Федор видел бесславное отступление князя Андрея и правдиво рассказал о нем царю.
Когда восстание отшумело, Федору довелось присутствовать при решении участи его главарей и зачинщиков.
С молодым спальником Иван Васильевич обращался ласково, но в душе Федора всегда жил страх перед царем. Теперь этот страх получил еще более веские основания: Ордынцев видел неумолимо жестокое лицо царя, когда тот изрекал бунтовщикам смертные приговоры, мстя за трепет, с каким выслушивал вести о московском бунте. Федор видел и казни: погибли сотни главных участников восстания, а наряду с ними и многие оговоренные невинно.
Ордынцев, с самых юных лет состоявший в придворной должности, человек начитанный и умный, понимал, что московский бунт повлечет за собой большие государственные преобразования. Ведь восстание показало, что народная мощь крайне опасна для верхушки общества, стоящей у власти. Силы немногочисленной кучки князей и бояр-кормленщиков были ничтожны.
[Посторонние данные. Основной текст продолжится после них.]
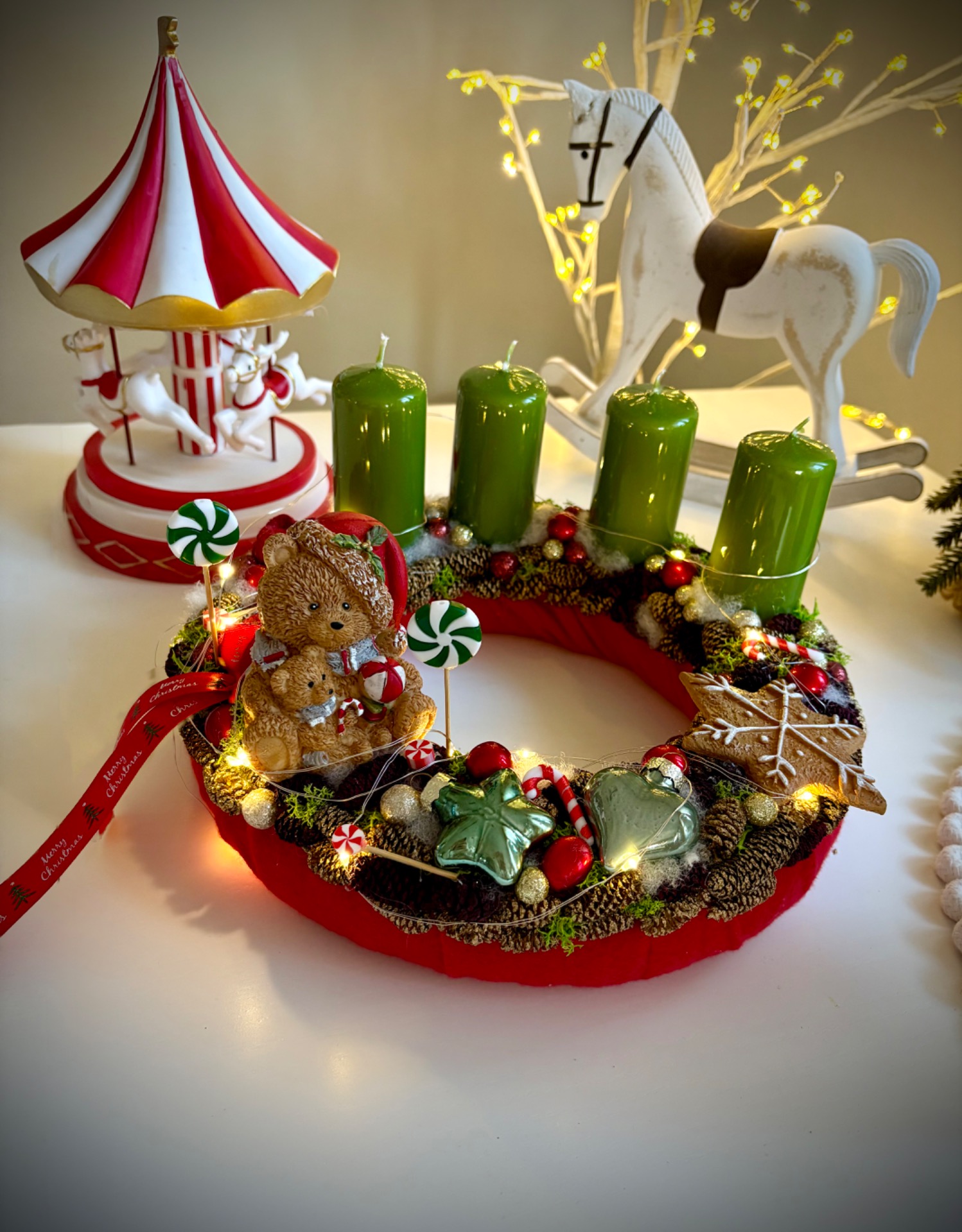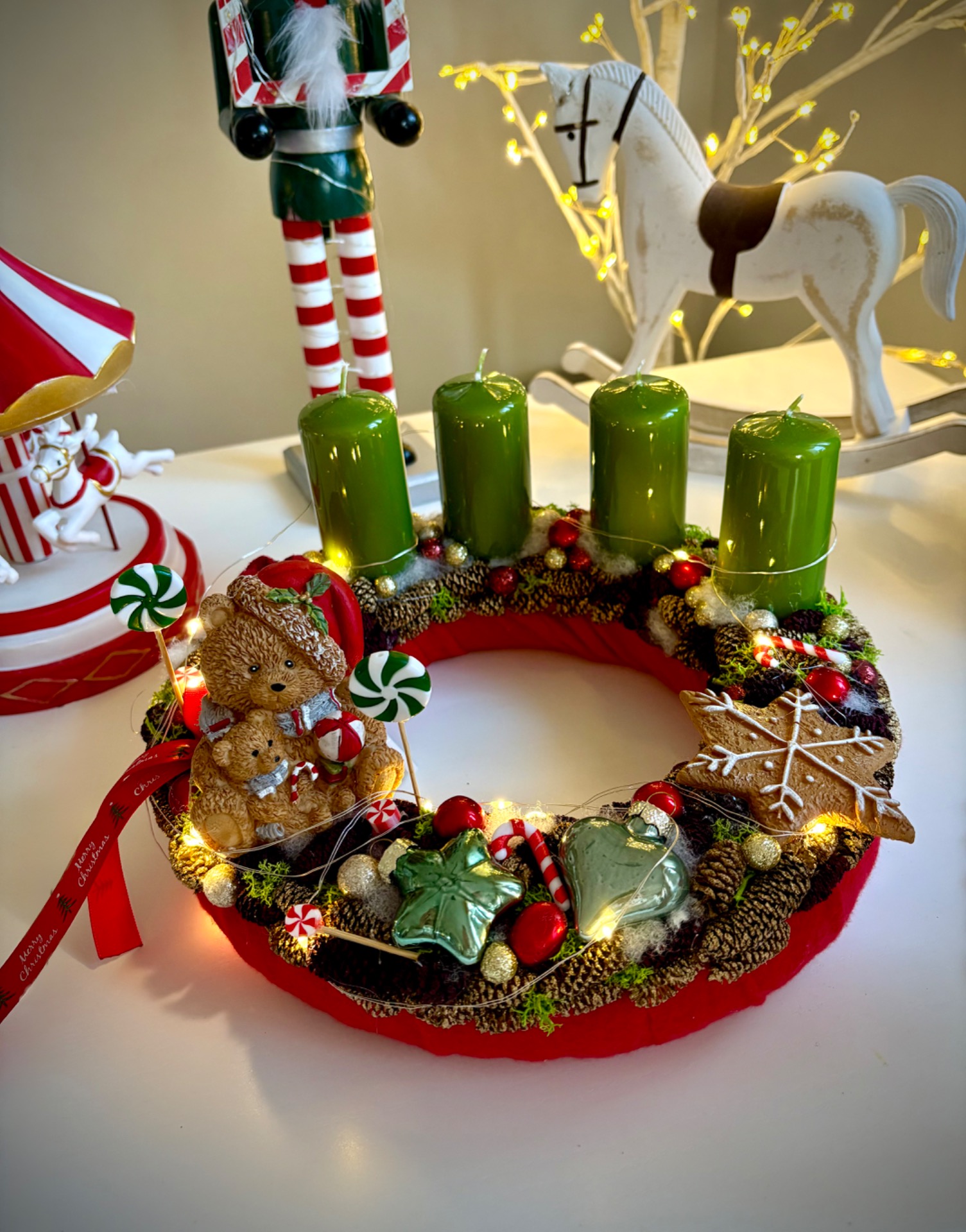 Hagyományos piros, zöld színekben készült adventi koszorú.

Откровенно беседуя со своим шурином Степаном Масальским, Федор как-то сказал:
– Боярское время ушло. Пусть предки бояр когда-то сидели на княжеских уделах – народ про то позабыл. Вот мы с тобой, Степа, без малого полтора десятка лет при дворе, многое видели. Видели, как грызлись за власть Шуйские, Бельские, Глинские… А народ за их спиной стоял? Шуйские – потомки суздальских князей, а разве суздальская волость хоть раз поднялась за них?
– Не припомню такого дела, – признался Степан. – Бывал я в Суздале, там народ Шуйских терпеть не может…
– Как и Бельских, как и Глинских, как и всех кормленщиков, – подхватил Ордынцев. – У всех этих великих господ и жадность великая. Вот мы, дворяне, довольствуемся малым. Есть у меня деревенька, что за мной после отца закрепили, – мне того и достаточно. Таков же и ты, и Кеша Дубровин, и Василий Голохвастов… Да нас таких неисчислимо, и ежели царь даст нам силу, крепка будет и его власть…
Думы и надежды дворянства не укрылись от Ивана Васильевича, который и сам понимал, что только сильное дворянство может стать опорой царской власти.
Во главе нового правительства стали благовещенский поп Сильвестр и думный дворянин[98] Алексей Адашев.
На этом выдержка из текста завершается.